More returnees received as Tz clamps down on Rwandans

More than 500 Rwandans who had lived in Tanzania for years yesterday arrived at the Rusumo border post in Rwanda, leaving behind their families and properties in mainly Karagwe region.
A Rwandan family returns from Tanzania yesterday. Many Rwandans crossed the Rusumo border on the final day of the deadline set by the Tanzanian governent.   Saturday Times/ Timothy Kis....
A Rwandan family returns from Tanzania yesterday. Many Rwandans crossed the Rusumo border on the final day of the deadline set by the Tanzanian governent. Saturday Times/ Timothy Kis....

More than 500 Rwandans who had lived in Tanzania for years yesterday arrived at the Rusumo border post in Rwanda, leaving behind their families and properties in mainly Karagwe region.

Yesterday’s arrivals pushed the number of such returnees to 1,000 after Tanzanian authorities gave those they described as ‘illigal immigrants’ two weeks to leave the country.

The deadline passed yesterday and it remains unclear what the fate of those who were unable to beat it would be.

The evictees told Saturday Times that Tanzanian security personnel, including the army and police, as well as neighbours were combing the communities ordering everyone they perceive to be of Rwandan origin out of the country.

Some of the victims had lived in the east African country for more than 50 years.

Tanzanian authorities claim they are targeting those without ‘valid residential documents’ but some of those affected claim they had all the necessary documents – some alleged security agents had confiscated and destroyed them.

At the Rusumo border post yesterday visibly distressed mothers, children and elderly men arrived with mattresses, clothes and other household belongings.

Most of them said they were not given a chance to sell off their properties, especially land and cattle.

They said they were being targeted as Rwandans though Tanzanian officials at the border said the decision applied to all illegal immigrants in the country.

Some of the returnees had intermarried with Tanzanians but they were not spared either.

“I have left my seven children behind. My parents fled from Rwanda in 1959, I grew up in Tanzania and I got married to a Tanzanian.
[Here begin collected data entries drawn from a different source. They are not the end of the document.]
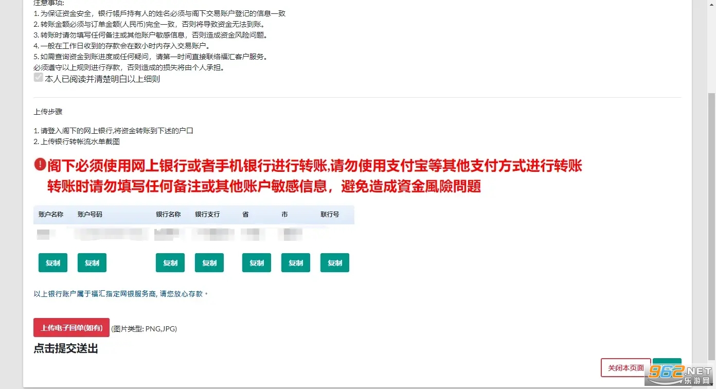 结束以上设施后,您就能够举行网银转账了。请耐心恭候资金到账,并随时体贴您的贸易账户余额转折。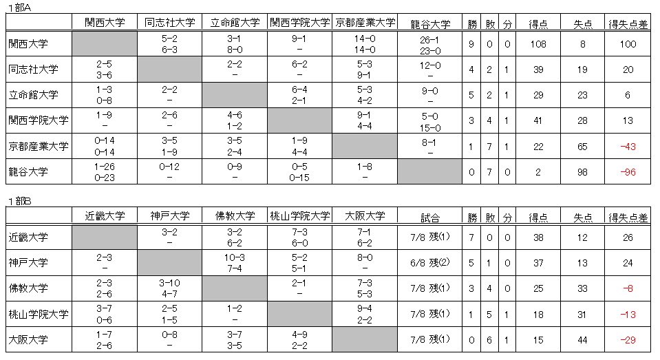 立命館大学と同志社大学による、2位争いは、得失点差で抜きつ抜かれつ・・・ますます白熱しています。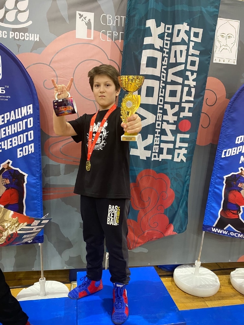 Итоги: Мирослав в составе сборной Урала взяли 1 место в командных боях 5*5 щит/меч, возраст 8-9 лет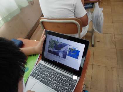 子どもたちは,GIGA端末でアメダスを検索し,台風時の天気の移り変わりを調べようとしています。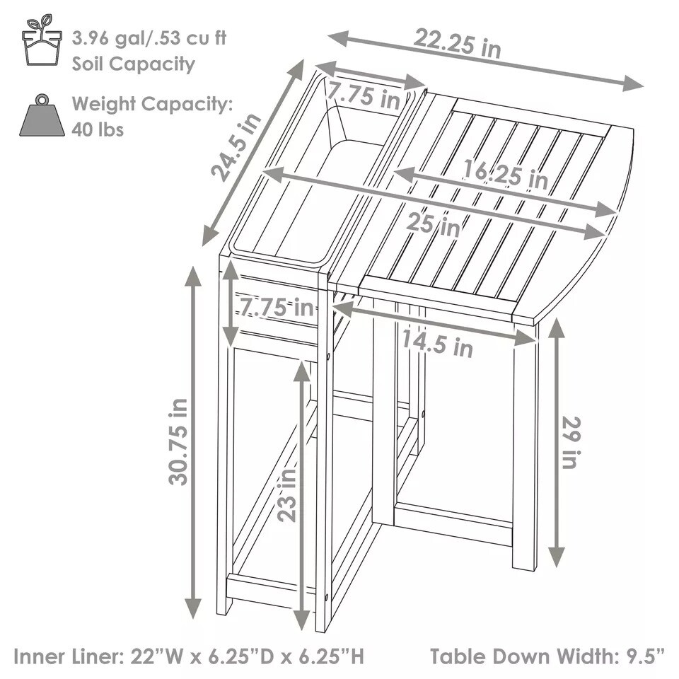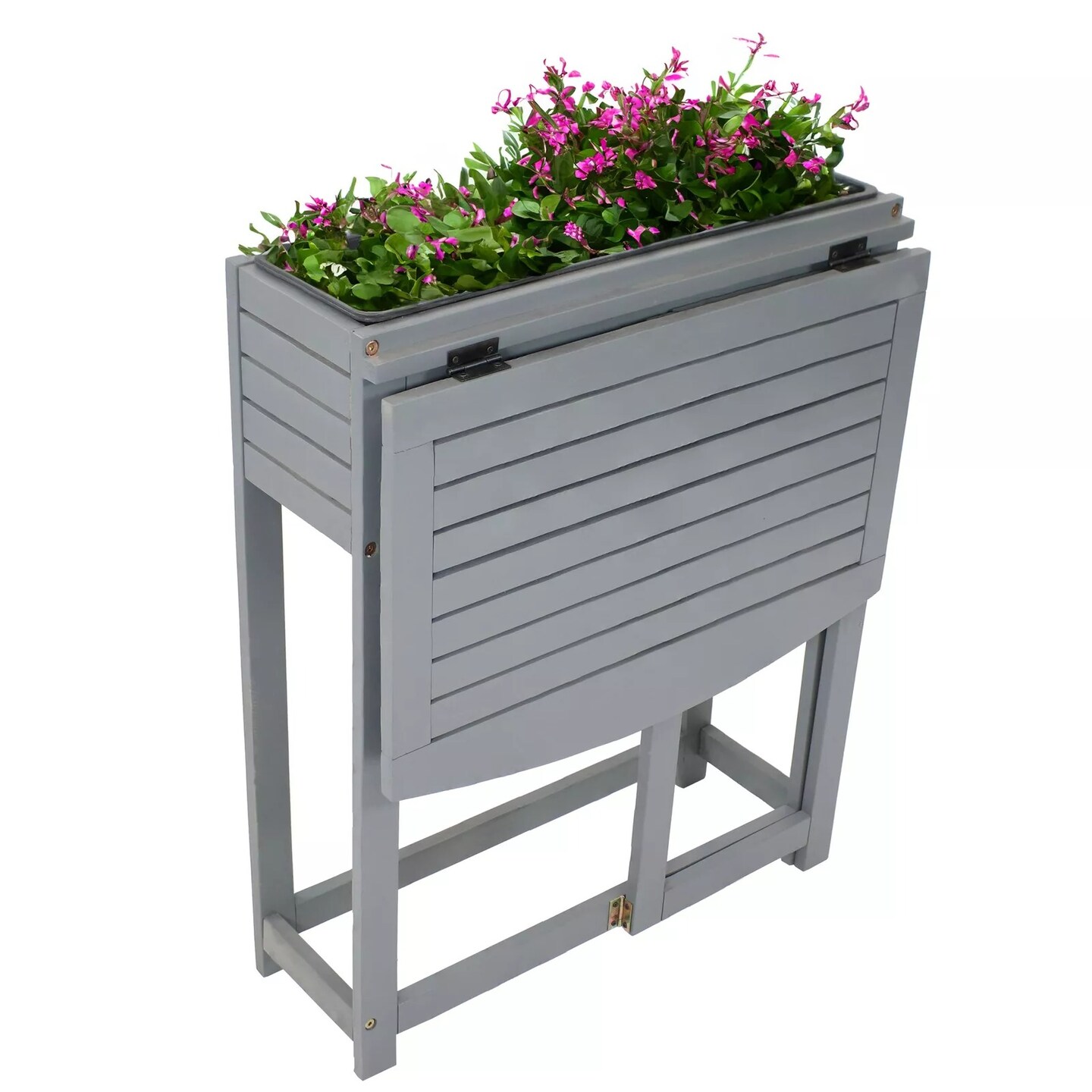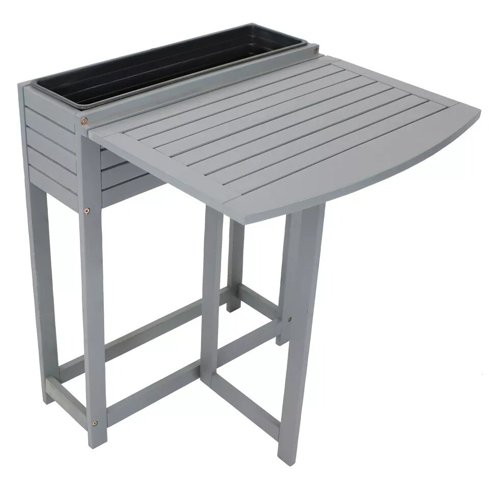 Acacia Wood Folding Table with Planter Box - 30.5" H - Gray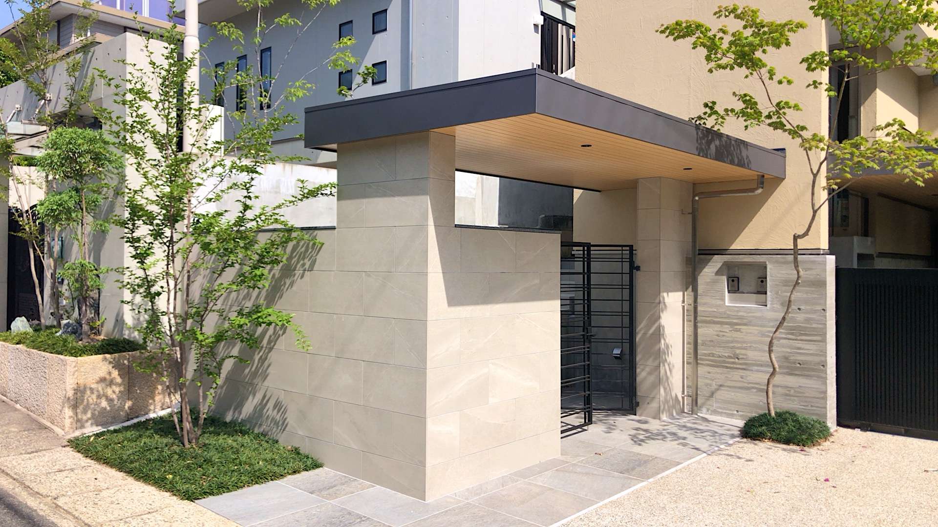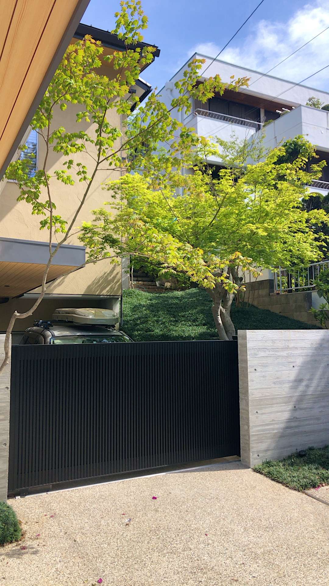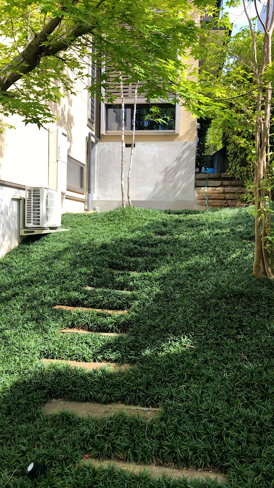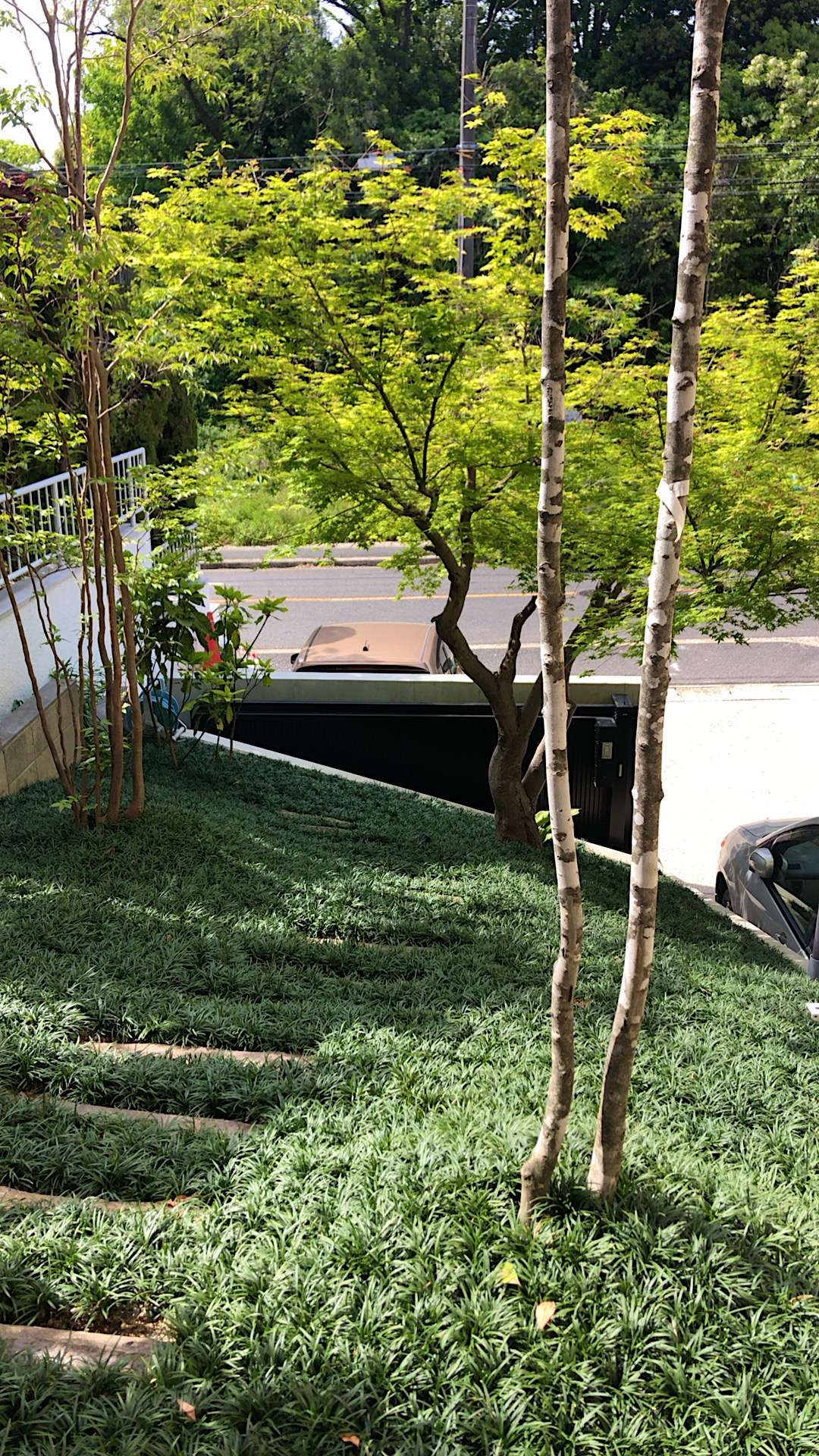 玄関前の植栽計画と駐車場奥の法面の植栽計画をしました。玄関脇にはモミジを配置し、緑の傘がエントランスにかかるように。駐車場奥の法面は、法面保護と管理のことを考えて玉竜マット敷にしています。階段状に踏み石を配置してアオダモや既存のモミジを回り込むように歩けるようにしました。
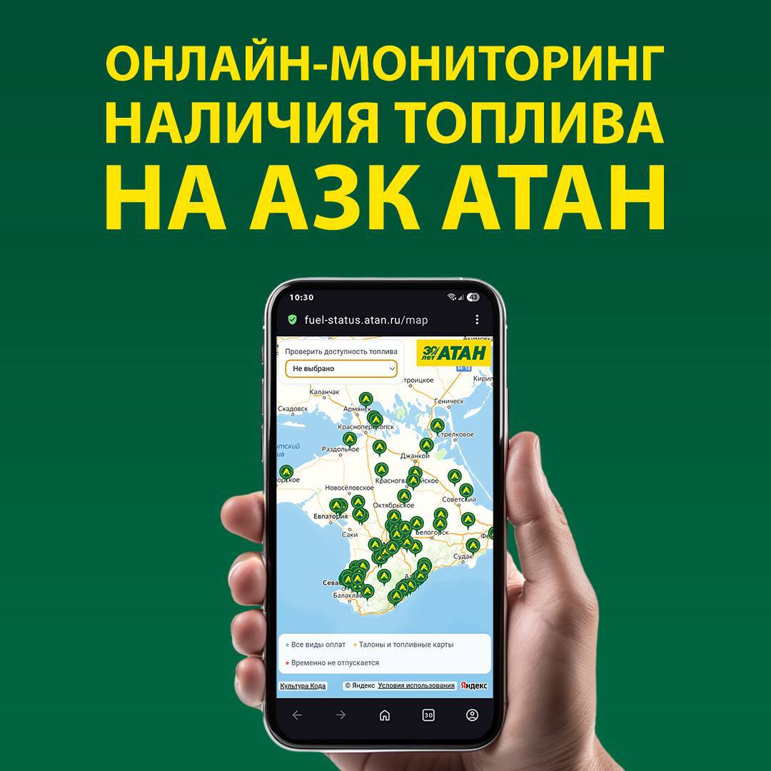 Для Вашего удобства теперь доступен онлайн-мониторинг наличия топлива на АЗС «Атан». С помощью нового сервиса Вы можете в реальном времени отслеживать наличие топлива и планировать заправку в наиболее подходящий момент.

Yet they have not been considerate, they picked me out in the family and asked me to leave simply because I have Rwandan roots. This is so unfair and inhumane,” a weeping Mukarugwiza Kabudensiya said.

The 60-year old, who was evicted from Karagwe region, said she was too afraid for her children too. She said she cannot bare the pain of being separated from her family in a matter of days.

Kabudensiya knows no relative in Rwanda.

According to the returnees, it was total chaos during the expulsion, with security forces and locals killing their cattle and threatening whoever planned to stand in their way.

It also turned out that some of the victims are actually Tanzanians by birth.

Helping returnees

“My father is a Tanzanian from the Banyambo tribe and my mother is Rwandan. My father died and I have never been to Rwanda before. I don’t know why I am being persecuted by my compatriots,” said a 23-year old man, who only identified himself as Emanuel.

He spoke in Kiswahili and does not understand Kinyarwanda.

At the border, officials from the Ministry for Disaster Management and Refugees Affairs, the Eastern Province and other partners worked the whole day yesterday as more people continued to arrive.

 Emanuel Maherane, a senior official at the Tanzanian immigration office at the border, said the eviction targeted all illegal migrants, and not only Rwandans.

“Their residence permits expired and they have no right to remain in Tanzania. We have expelled Burundians, Ugandans, Rwandans, and even whites,” the official claimed.

 He said his government started conducting a survey to ascertain all the illegal settlers since 2003 and it was the right time to push them out. “This is internal issue, we don’t need to inform anybody. It’s a Tanzanian affair.”

Maherane added: “Whether you have been around for 70 years, whether you are married or not, our laws are clear, it’s not about how much time you have lived in Tanzania or who you are married to.”

The returnees said they were caught unawares and that their eviction came immediately after Tanzanian President, Jakaya Kikwete visited the region a few days ago.

Emanuel Mpakaniye, a returnee, dismissed the suggestion that only illegal immigrants had been expelled.

 “I had a residential permit and all the other necessary documents but I was banished,” he said. 

On the Rwandan side of the border, officials and volunteers were putting up tents to help resettle the returnees in Kiyanzi transit centre, in Eastern Province.

“We are providing those who are returning basic needs like water, food and temporary shelter. We are also transporting those who happen to have relatives in different parts of the country,” Jean Claude Rwahama, the director of refugee affairs in the Ministry of Disaster Management and Refugee Affairs, said.

He said government would provide shelter to those without relatives in the country.

It is expected that an estimated 20,000 people, may be on their way to Rwanda.

On Thursday, Foreign affairs minister and Government spokesperson, Louise Mushikiwabo, reassured Tanzanians living in Rwanda to feel at home despite the latest developments.